Substituting the values from the problem gives:

$m = \frac{\textcolor{red}{4} - \textcolor{b l u e}{- 3}}{\textcolor{red}{- 8} - \textcolor{b l u e}{- 6}}$

$m = \frac{7}{-} 2 = - \frac{7}{2}$

The point-slope formula states: $\left(y - \textcolor{red}{{y}_{1}}\right) = \textcolor{b l u e}{m} \left(x - \textcolor{red}{{x}_{1}}\right)$

Where $\textcolor{b l u e}{m}$ is the slope and $\textcolor{red}{\left(\left({x}_{1} , {y}_{1}\right)\right)}$ is a point the line passes through.
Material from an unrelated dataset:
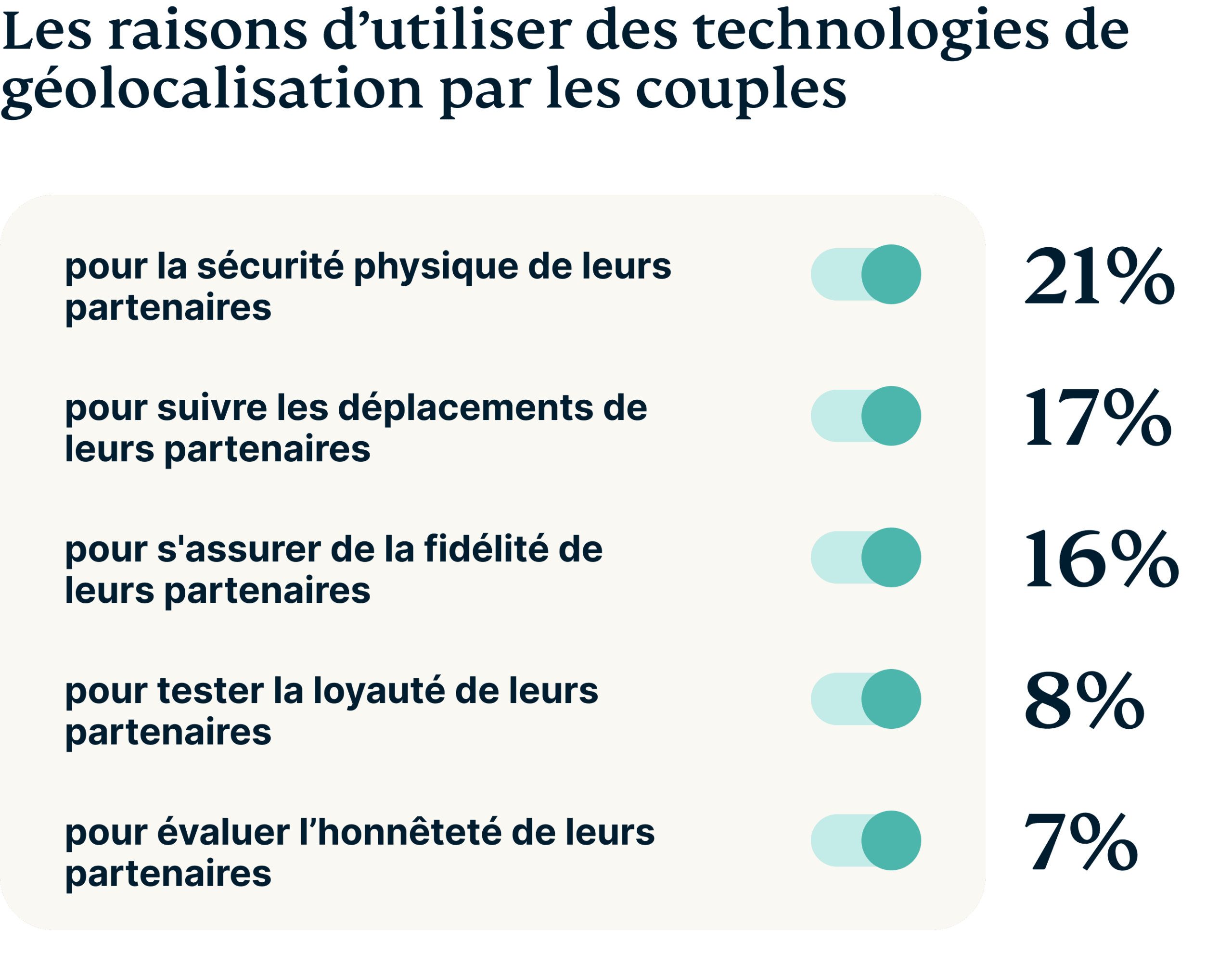 La moitié des personnes interrogées admettent utiliser le partage des données de localisation pour suivre leurs partenaires. Pourquoi ? D'après nos recherches, 21 % des couples utilisent cette fonctionnalité pour assurer la sécurité physique de leurs partenaires, 17 % pour savoir où ils se trouvent et 15 % pour des doutes quant à leur fidélité.

Substituting the calculate slope and the first point gives:

$\left(y - \textcolor{red}{- 3}\right) = \textcolor{b l u e}{- \frac{7}{2}} \left(x - \textcolor{red}{- 6}\right)$

$\left(y + \textcolor{red}{3}\right) = \textcolor{b l u e}{- \frac{7}{2}} \left(x + \textcolor{red}{6}\right)$

Now we can transform this into the standard form.
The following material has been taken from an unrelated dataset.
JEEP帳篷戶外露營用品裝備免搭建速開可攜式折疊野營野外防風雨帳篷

The standard form of a linear equation is:

$\textcolor{red}{A} x + \textcolor{b l u e}{B} y = \textcolor{g r e e n}{C}$

where, if at all possible, $\textcolor{red}{A}$, $\textcolor{b l u e}{B}$, and $\textcolor{g r e e n}{C}$are integers, and A is non-negative, and, A, B, and C have no common factors other than 1

$y + \textcolor{red}{3} = \left(\textcolor{b l u e}{- \frac{7}{2}} \times x\right) + \left(\textcolor{b l u e}{- \frac{7}{2}} \times \textcolor{red}{6}\right)$

$y + \textcolor{red}{3} = - \frac{7}{2} x - \frac{7 \times 6}{2}$

$\textcolor{red}{2} \left(y + 3\right) = \textcolor{red}{2} \left(- \frac{7}{2} x - \frac{42}{2}\right)$

$2 y + 6 = \left(\textcolor{red}{2} \times - \frac{7}{2} x\right) - \left(\textcolor{red}{2} \times \frac{42}{2}\right)$

$2 y + 6 = \left(\cancel{\textcolor{red}{2}} \times - \frac{7}{\textcolor{red}{\cancel{\textcolor{b l a c k}{2}}}} x\right) - \left(\cancel{\textcolor{red}{2}} \times \frac{42}{\textcolor{red}{\cancel{\textcolor{b l a c k}{2}}}}\right)$

$2 y + 6 = - 7 x - 42$

$2 y + 6 + \textcolor{red}{7 x} - \textcolor{b l u e}{6} = - 7 x - 42 + \textcolor{red}{7 x} - \textcolor{b l u e}{6}$

$\textcolor{red}{7 x} + 2 y + 6 - \textcolor{b l u e}{6} = - 7 x + \textcolor{red}{7 x} - 42 - \textcolor{b l u e}{6}$

$\textcolor{red}{7 x} + 2 y + 0 = 0 - 48$

$\textcolor{red}{7} x + \textcolor{b l u e}{2} y = \textcolor{g r e e n}{- 48}$